The severe attenuation of Tspan2 in aorta and bladder provides a unique opportunity to elucidate TSPAN2 protein function in smooth muscle without the need for engineering complex Cre/loxP mice that restrict loss-of-function of a gene to smooth muscle-containing tissues. Moreover, since the coding sequence of Tspan2 was unadulterated, future genetic rescue studies could be simplified using CRISPR activation [41] to override the regulatory edit in the CArG box. One caveat of this approach, however, relates to mRNA/LncRNA gene pairs where disruption of a shared TFBS could confound interpretation of phenotypes. Accordingly, characterization of the mice reported here will require genetic complementation studies where either the TSPAN2 protein or the Tspan2os LncRNA are reconstituted to better interpret phenotypes. Based on natural genetic variation and in vivo mutagenesis screening in different mouse strains [42], we suspect there will be more examples of single-base edits in a TFBS resulting in attenuated target gene expression in mice.

The near loss in expression of Tspan2 in smooth muscle tissues with a single-base pair edit of the CArG box was unexpected given the heterogeneity of SRF-binding CArG boxes across the genome [37]. This suggests that some substitutions across the CArG box are intolerant for SRF binding. Interestingly, despite the abundant expression of SRF in brain [43] and heart [44], the CArG box mutants generated here had little effect on expression of Tspan2 in these tissues. This would imply that separable TFBS recognized by distinct transcription factors drive expression of Tspan2 in heart and brain. Future studies could determine whether subtle editing of targeted TFBS around the Tspan2 locus confer selective loss of expression in brain or heart.

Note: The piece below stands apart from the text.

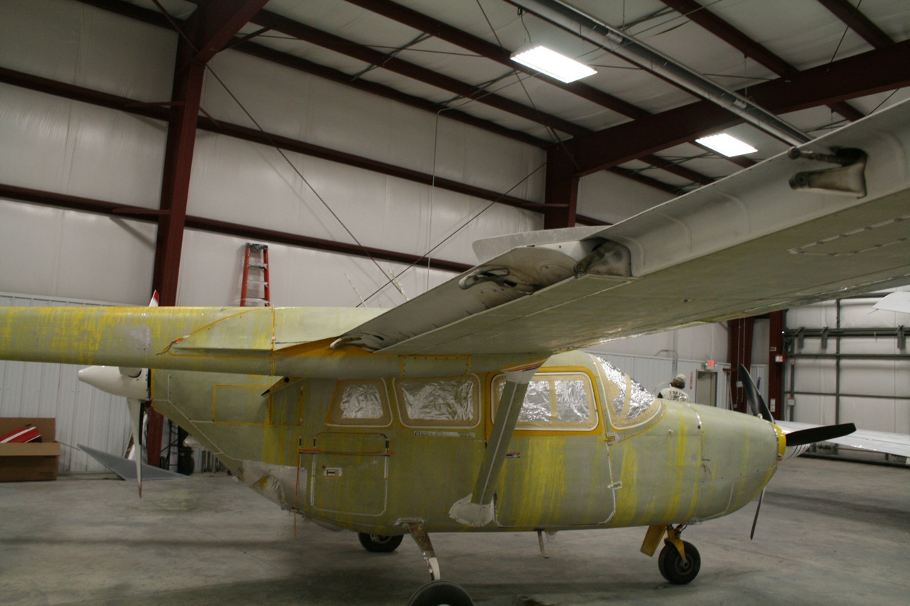 It sounds like it will be about 4 weeks to completion. Can't wait!!! I delivered 2JF on Saturday and today was my first visit back. After complaining about driving to Larry's for the last 4 months, I now have to drive another hour past Larry's to the paint shop. I know whiner. Anyway they had the paint stripped and were removing control surfaces. I have one flap that has a boo boo so off to the control surface doctor. Wow, that is expensive work but it has to be done. I am not going to paint something that is wrinkled. This shop has some real good people. They are painting a Citation, Mooney Aclaim (both touch up stuff) and a full job on a AT-6. This isn't much of a load for them so the Skymaster should move pretty quickly. I will be replacing any screws that have to be removed for inspection with stainless. Even the cowling latches will be stainless. I am doing a neat design on the spinner for a little pizazz and going with the #3 paint scheme.

Nearly all of our genome is noncoding, comprising tens of thousands of noncoding RNAs and millions of TFBS [3, 45]. Most SNVs associated with disease reside in noncoding sequence but causality of such regulatory SNVs in disease is notably lacking, especially in the complex milieu of an animal model [3]. For example, 146/164 (89%) coronary artery disease risk alleles harbor noncoding SNVs but, with the possible exception of the noncoding SNV near SORT1 [46], there is a lack of insight into the functional consequence of such sequence variants in vivo. While no known SNV exists in the Tspan2/Tspan2os CArG box, the large number of such TFBS [35] would suggest the presence of potentially important CArG-SNVs that could be easily modeled with PE2 editing in the mouse. An important goal therefore will be to map all CArG-SNVs in the human genome and filter those of possible clinical relevance for further study.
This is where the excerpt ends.